Waktunya Berbuka / Danau Sore Part 3


Buber, bukber, iftar jama’I, atau apalah itu intinya adalah menunggu adzan maghrib, makan bersama, mengobrol tanpa arah kemudian kembali ke rutinitas masing-masing. Mungkin kamu yang di sana tak pernah tau dari sekian banyak momen buka bersama, malam itu adalah puncak kebencianku terhadap keironisan buka bersama. Sebelumnya aku selalu saja mewajari kebosanan, kesuntukan, serta hal-hal tidak penting lainnya setiap acara buka bersama yang tidak sedikit menguras puluhan ribu rupiah tiap acaranya.

Berita diadakannya buka bersama angkatan alumni SMAku muncul pertama kali ketika seorang teman bernama, Fuadz memulai percakapan di grup angkatan, “Guys, nggak ada yang tertarik buber kah? Kalo ada berapa yang mau? Aku pengen tau” kurang lebih begitu katanya.
Satu persatu anak mulai membalas dengan budaya copy-pastenya, “Aku (1),” “Aku (2),” “Aku (3),” dan seterusnya hingga angka 120 an. Kemudian aku mendapat berita dari teman dekatku yang sekarang menjadi mahasiswi ITS, April, bahwa Lily, juga akan menghadiri acara membosankan tersebut. Aku pun langsung mengubah keputusanku dan tanpa berpikir panjang bahwa aku harus ikut acara tersebut.
Siapa Lily? Mengapa aku sampai rela mengorbankan waktu dan uangku demi bertemu dengannya? Apakah aku perlu beritahu? Ataukah hanya aku dan keheningan malam saja yang menyimpannya rapat-rapat? Sudahlah. Sudah menjadi rahasia umum, bahwa gadis dengan profile picture teratai merah itu memiliki senyum yang membekas di ingatanku. Selama tiga tahun aku mencoba menginterpretasikan keanggunannya dalam goresan-goresan pensil yang tidak jarang aku kirim kepadanya. Karena Lily juga lah yang membuatku tak berdaya untuk berkata-kata di kantin sekolah saat pengambilan ijazah dulu. Lily lah yang membuatku merelakan satu-satunya novel paling berharga dari Ibuku karya HAMKA, Tenggelamnya Kapal Van Der Wijck, kepadanya.

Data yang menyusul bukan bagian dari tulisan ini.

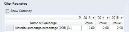 For the years 2013, 2014 and 2015, enter a percentage value for the basic data type "Material surcharge percentage".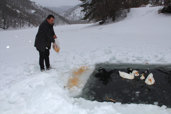 Tesiste 20 civarında ördek beslediklerini anlatan Akça, "Maalesef birkaçı telef oldu. Buz tutan göl zemini üzerinde motorlu testereyle kesim yaparak onlar için doğal yaşam alanı oluşturmaya çalıştık. Göl yüzeyinde yaklaşık 50 santimetre kalınlığında buz tabakası oluşmuş. Ördekler, oluşturduğumuz alanda suya giriyor, biz de yemlerini veriyoruz." dedi.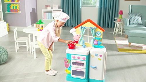 Cook up a storm with Peppa! Peppa Pig’s Giggle ‘n’ Bake Kitchen stands 37 inches tall – the perfect height for little chefs! This fun kitchen set-up includes all the sights and sounds of Peppa’s kitchen, including a teakettle that whistles, a frying pan that sizzles, and a faucet that makes water sounds! There’s a light in the oven so you can keep an eye on your cupcakes, then open the oven door and use your oven mitt to take them out and frost them! With a total of 18 play accessories, there’s a feast of fun to be had when you’re in the kitchen with Peppa!Feature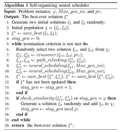 图3 SoNS算法总体流程 该算法1)首先随机生成规模较小的初始候选解集,解集中的每个解为一种调度方案;2)接着标记出当前最好的调度方案,即当前最优解;3)然后在迭代条件尚未满足时,从候选解集中任选两个解,经过交叉等操作生成新的候选解后,采用神经调度器(Neural Scheduler, NS)为选中的解提供改进方向;4)之后将产生的新候选解与当前最好解进行比较,保留较优的解。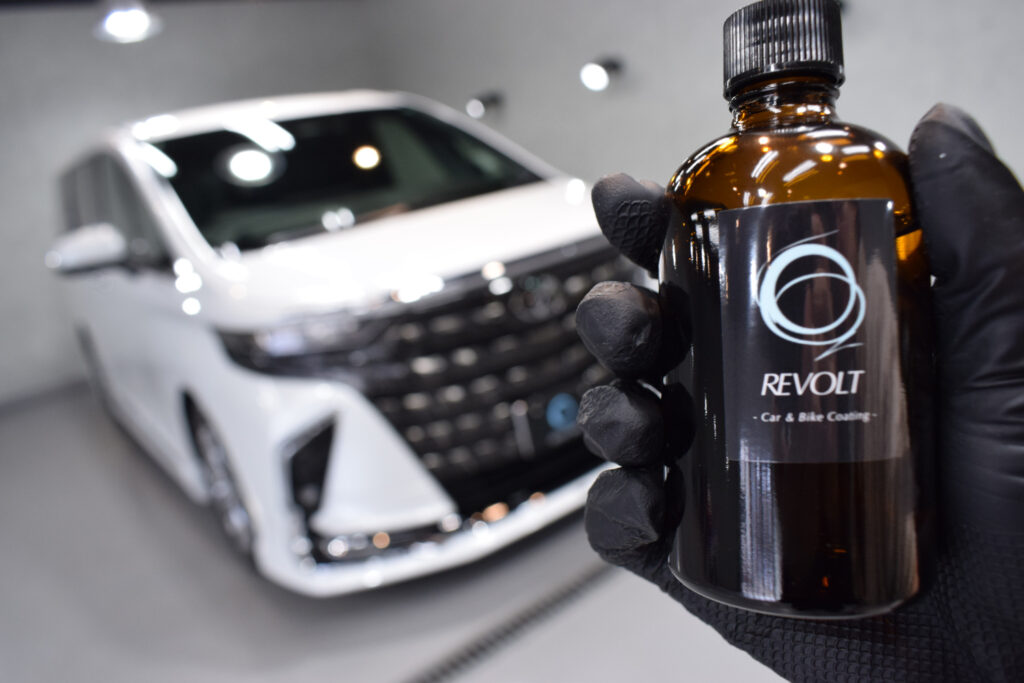 下地処理の次に行うのはコーティングです。リボルトプロは2層構造になっており、コーティング剤は当グループオリジナルの低分子・完全硬化型100%ガラス濃度のコーティング剤となっており、硬化時間の短縮、濡れたような艶、防汚効果に優れています。またトップコートには紫外線軽減(UVカット)機能が加わり紫外線からもボディを守ります。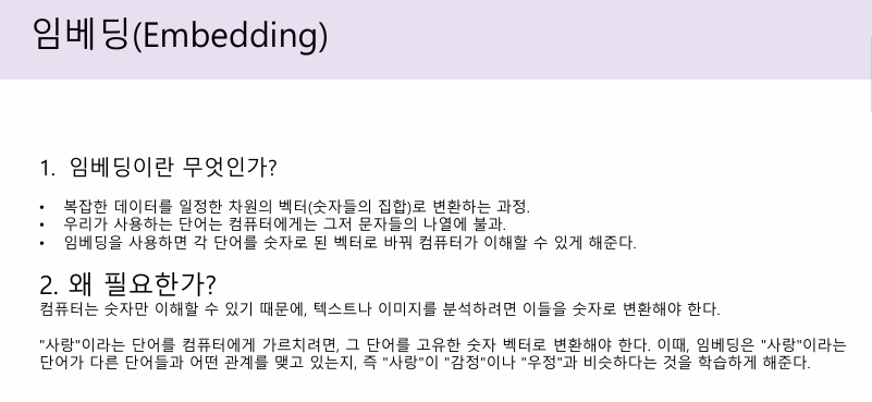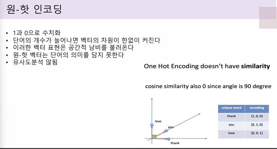임베딩이란 복잡한 데이터들을 'N차원'의 데이터로 변환시키는 것입니다. 기본적으로 컴퓨터는 숫자만 이해할 수 있기 때문에 숫자로 변환이 필요한데요. 컴퓨터가 활용하기 편하도록 저장한다고 이해 하시면 되겠습니다.첫 번째 원 핫 인코딩인데요. 지금 보면 각도가 45도씩 나누어져 있기 때문에 각 단어의 유사도를 확인할 수가 없습니다. 이런 이유로 차원의 개수를 비약적으로 늘려나가게 됩니다.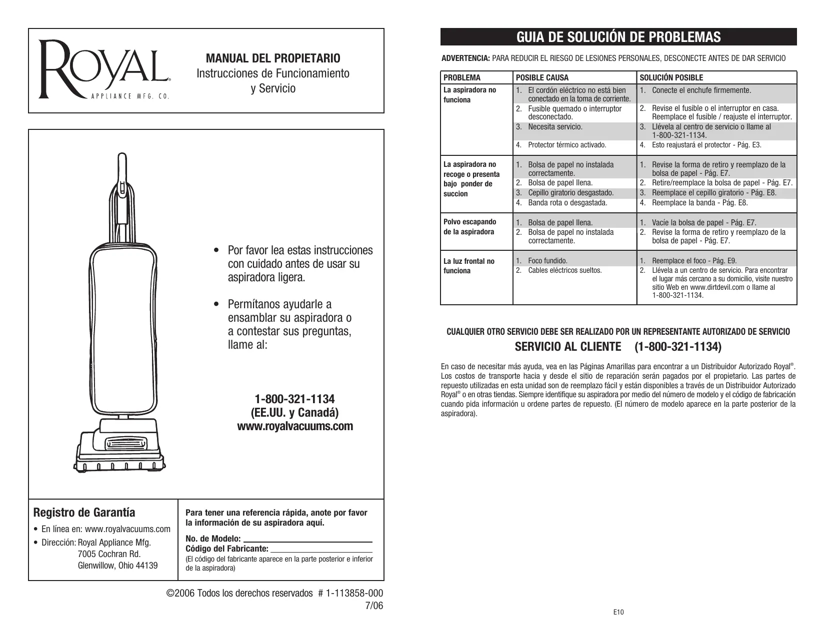 En caso que la aspiradora mestone algo ndefecto bajo el periodo de garantía, reparamos o reemplazarnos de manos gratuiterialmentefectuosa.Laquina completadebeserenviadaconportepagado acualquierEstacionAutorizadaROYAL deVentas y Servicio deGarantia.Porfavorincluyauna descripcióncompletedela problema,fecha delcompra,copia del recibo delcompraoriginalynsurname,domicilioynummero detelefon.Sin no seencuentrafelacena deunaEstaciondeGarantia,llamea lafabricapadoporiderasencia en losEE.UU.yCANAD:A:1-800-321-1134.Use solamente partedesrepuestos genuinasRoyal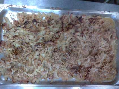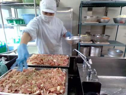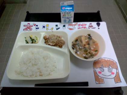 今日は「豚肉のごまだれ焼き、みそ汁、きくなとはくさいのおひたし、ごはん、牛乳」でした。豚肉のごまだれ焼きは、下味に練りごまを使い、焼く前にいりごまをかけ(写真上)、こんがり焼きました(写真中)。みそ汁は、煮干しでだしをとった赤みそと白みその合わせみそでした。おひたしは、香りの強い旬のきくなを使いましたが、はくさいを加えることで、食べやすい味になりました。

Nyanyian Gus Dur pun mulai berkumandang. Ketika aku menunggu Dana, Rahmad, dan Wika di lobi sekolah sambil menatap pecahnya langit senja saat itu, Vania dan Fara meminta tolong kepadaku untuk mengambil gambar mereka berdua. Sedangkan Lily berada pas di belakang mereka. Aku hanya bisa pura-pura tidak tahu. Bodohnya aku malah menampilkan topengku. Aku berteriak-teriak mengatur posisi Vania dan Fara dari kejauhan berharap Lily menyadari eksistensiku. Aku bukan orang introvert maupun ekstrovert. Aku juga bukan orang dengan kepribadian ganda. Entah aku juga tidak begitu paham jati diriku. Yang pasti aku masih menyukainya setelah sejak setahun lalu Lily dengan tegas mengatakan,
“Terima kasih Suf, baru kali ini ada orang menyampaikan perasaannya padaku. Namun aku lagi nggak ada perasaan apapun pada siapapun saat ini.”